THE ‘PARADOXICALLY impossible project’ of WG Sebald’s Austerlitz, critic James Wood has written, was that of ‘saving the dead’. Bearing imaginative witness to recent history and its victims is also the task that Raj Kamal Jha, ‘the novelist of the newsroom’, has set out to do in his own idiosyncratic manner.
The title of his fifth novel, The City and the Sea, brings to mind Kamila Shamsie’s In the City by the Sea and, before that, Anita Desai’s The Village by the Sea—but Jha’s novel is very unlike those in both form and content. As with his previous work, there is urban alienation, there is physical and mental squalor, and there are traumatic memories unearthed though interlinked tales. In this case, we’re plunged into a dark and disturbing universe that exists at an angle to the horrific Delhi gang rape of 2012.
‘The Sea’ of the title—with the letters ‘t’ and ‘s’ in capitals—is, as one of the characters explains, ‘around us, it’s all over and across the city, we are in it, it’s immense, it’s human, non-human.’ It ‘creeps up on you’, consisting of the ‘things we throw away, dead and disused, needless and hopeless.’ It’s undercover and it’s underground and, in a later passage, it’s ‘teeming with the lost and the forgotten, the dead and the missing.’ This is another city, then, brushing up against our own, as in China Miéville’s The City and the City, and it’s one we overlook at our peril.
In one of the narrative strands here, a child navigates through this concealed urban nightmare, accompanied by a companion who may or may not be a figment of the imagination. In another, a woman finds herself rather mysteriously in a hotel by the coast of the Baltic Sea and comes to terms with her present reality. (In a rare moment of whimsy, the hotel receptionist is called Herta Muller, the name of the novelist praised by the Nobel judges for depicting the ‘landscape of the dispossessed’ with ‘the concentration of poetry and the frankness of prose’.)
The connection between the woman and the child, and just how audacious an act of imagination the novel is, is made clear only when creation finally collides with reality. It’s a bold gambit, and it makes The City and the Sea rise above being a mere recapitulation of incidents.

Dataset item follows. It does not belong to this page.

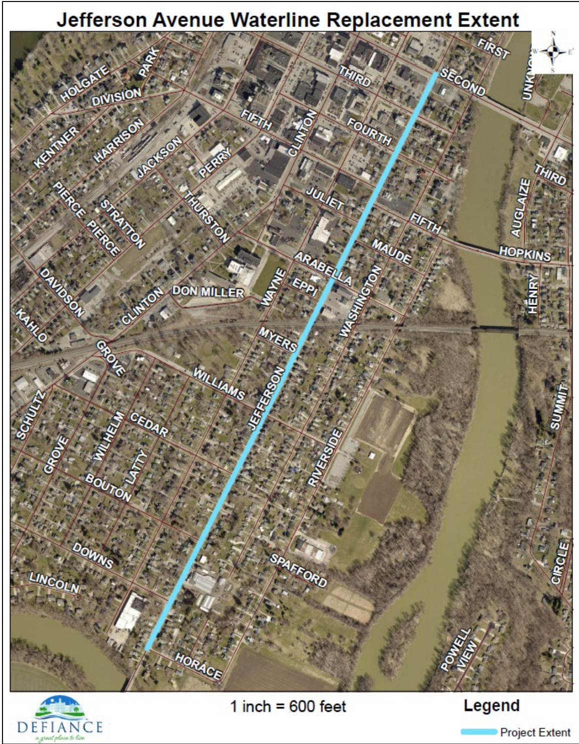
Figure 2. Water line replacement project area along Jefferson Avenue

It is to Jha’s credit that he doesn’t sensationalise the events he writes about. When he mentions iron rods, for example, or delves into the life of a juvenile who comes to the city to make a living and is sucked into a sickening vortex of violence, the chill that runs down our spines is because of a background we’re already aware of from newspaper reports.
It must be said though that the prose style, in aiming for the lyrical, can sometimes be overwrought, with multiple short paragraphs and emotions rising to the surface. Some passages to do with the woman in the hotel appear laboured: for example, ruminations on Yoko Ono’s art, or a song by Green Day (the title of which, naturally, is Boulevard of Broken Dreams).
The novel loses some of its emotional charge when it tries to universalise the Delhi tragedy by bringing in the victims of Sandy Hook and the plight of refugees in the Mediterranean. This seems unearned, not organically arising from what has come before. For the most part, though, it is a harrowing and fully- realised response to toxic events arising from urban decay.
Literature, Ezra Pound once said, is news that stays news. With The City and The Sea, Jha brings us a report from the inchoate world between literature and news, a space inhabited by shape-shifters that are suppressed by our rational, everyday selves.